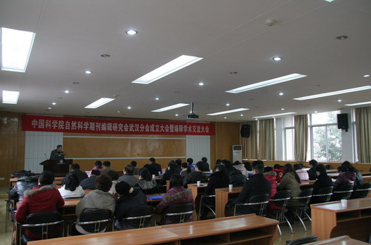 2月16日,中科院自然科学期刊编辑研究会武汉分会成立暨编辑学术交流大会在中科院武汉岩土所召开。中科院自然科学期刊编辑研究会副理事长兼秘书长戴利华、湖北省科学技术期刊编辑学会秘书长卢先蓉、中科院上海光机所联合编辑部总经理杨蕾、中科院上海生科院《植物生理学报》常务副主编周兆康、中科院国家科学图书馆《图书情报工作》期刊社社长兼主编初景利、武汉地区13个编辑部全体成员及科学出版社武汉分公司、中科兴业印务有限公司的部分领导约50人参加会议。
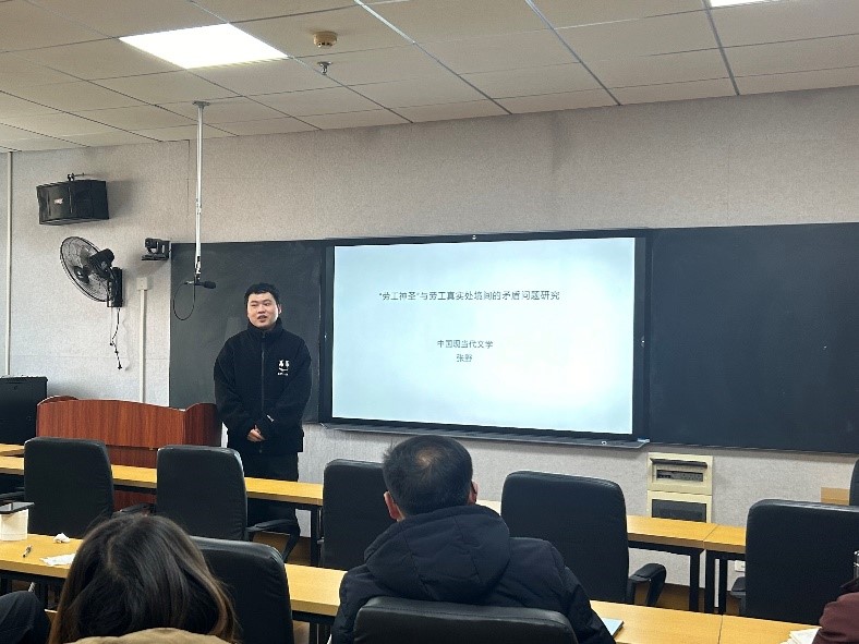 会议伊始,由现当代文学的张野同学汇报自己的参会论文《“劳工神圣”与劳工真实处境间的矛盾问题研究》,他分别就该问题产生的背景以及该问题的发现做了陈述,他认为“劳工神圣”问题的提出从出发点来看具有很大积极意义,在社会层面以及文学层面都有意识地向底层民众看去。
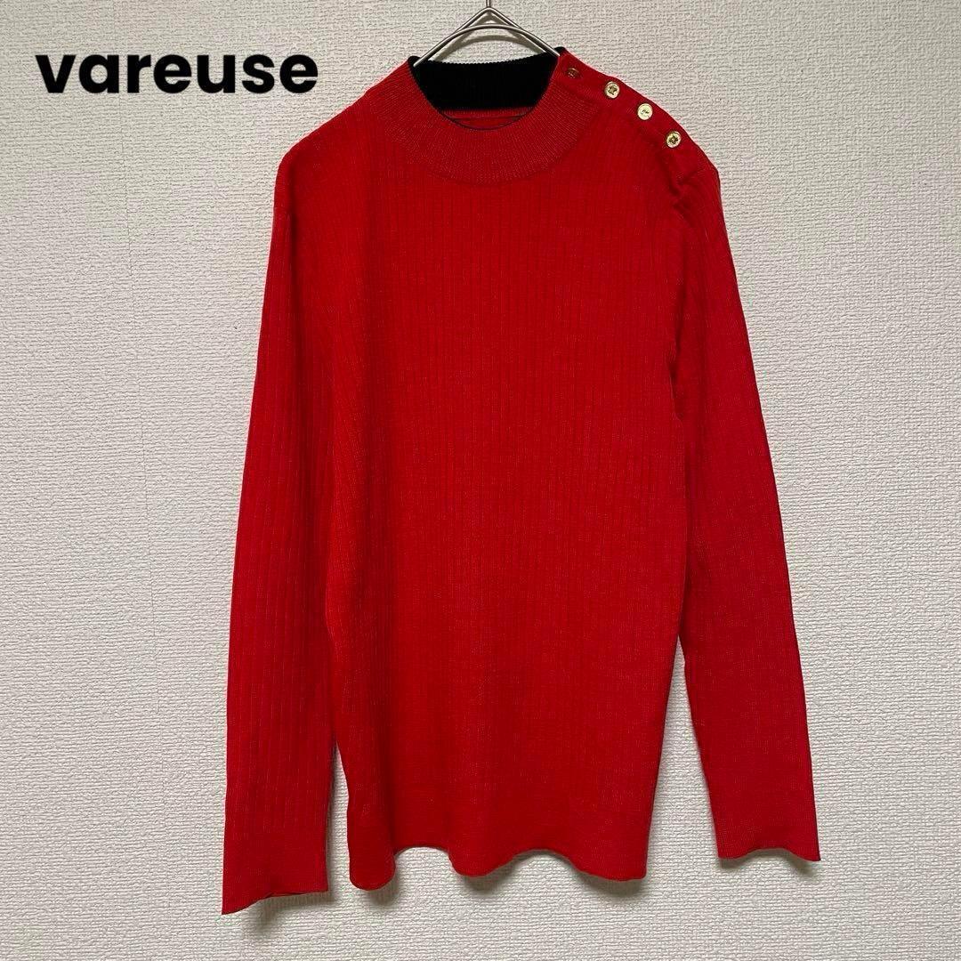 - iq3 vareuse/長袖ニット/肩釦ハイネックプルオーバー/赤/オシャレ
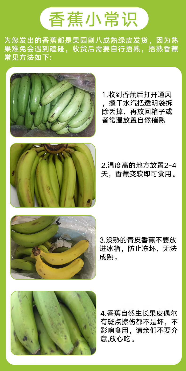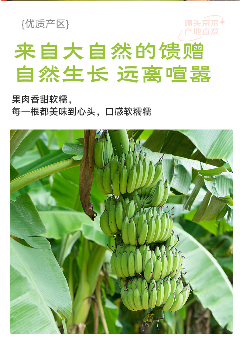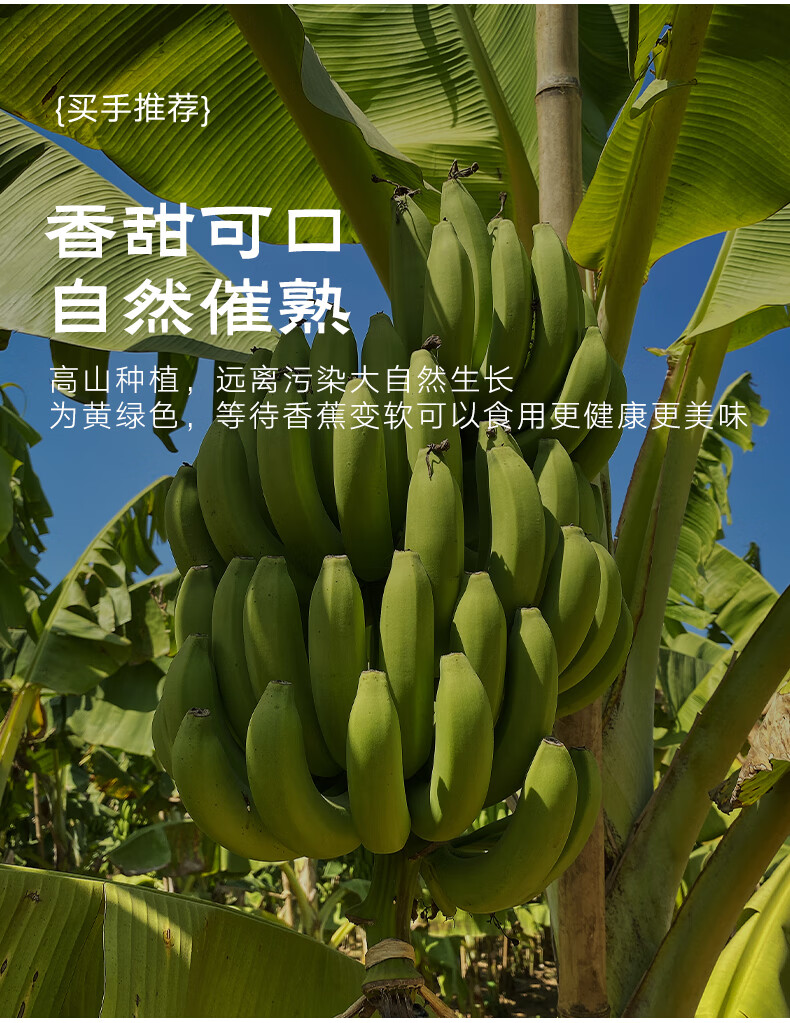 京鲜生广西高山绿皮甜香蕉 净重3斤 单根套网100g+变软即食源头直发包邮
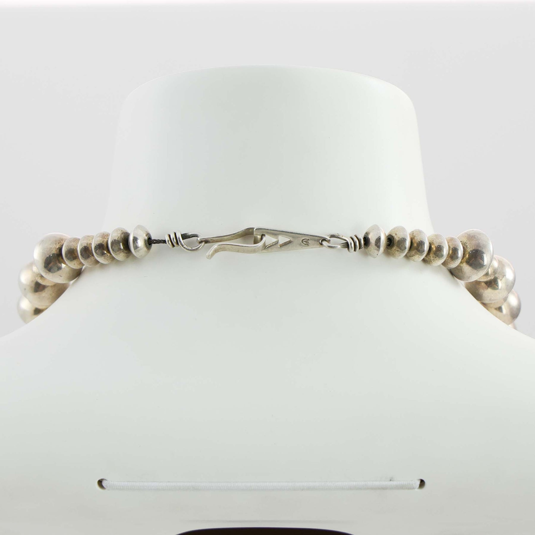 Sterling Silver Navajo Pearl Necklace with Alternating Handmade Beads. This necklace was crafted by award-winning silversmith, Al Joe, in the 2010s.

-.-.-

**Work to be completed**
Set down the entries above exactly; no pictures belong in the copy.

**Output**
 2月16日,中科院自然科学期刊编辑研究会武汉分会成立暨编辑学术交流大会在中科院武汉岩土所召开。中科院自然科学期刊编辑研究会副理事长兼秘书长戴利华、湖北省科学技术期刊编辑学会秘书长卢先蓉、中科院上海光机所联合编辑部总经理杨蕾、中科院上海生科院《植物生理学报》常务副主编周兆康、中科院国家科学图书馆《图书情报工作》期刊社社长兼主编初景利、武汉地区13个编辑部全体成员及科学出版社武汉分公司、中科兴业印务有限公司的部分领导约50人参加会议。
 会议伊始,由现当代文学的张野同学汇报自己的参会论文《“劳工神圣”与劳工真实处境间的矛盾问题研究》,他分别就该问题产生的背景以及该问题的发现做了陈述,他认为“劳工神圣”问题的提出从出发点来看具有很大积极意义,在社会层面以及文学层面都有意识地向底层民众看去。
 - iq3 vareuse/長袖ニット/肩釦ハイネックプルオーバー/赤/オシャレ
 京鲜生广西高山绿皮甜香蕉 净重3斤 单根套网100g+变软即食源头直发包邮
 Sterling Silver Navajo Pearl Necklace with Alternating Handmade Beads. This necklace was crafted by award-winning silversmith, Al Joe, in the 2010s.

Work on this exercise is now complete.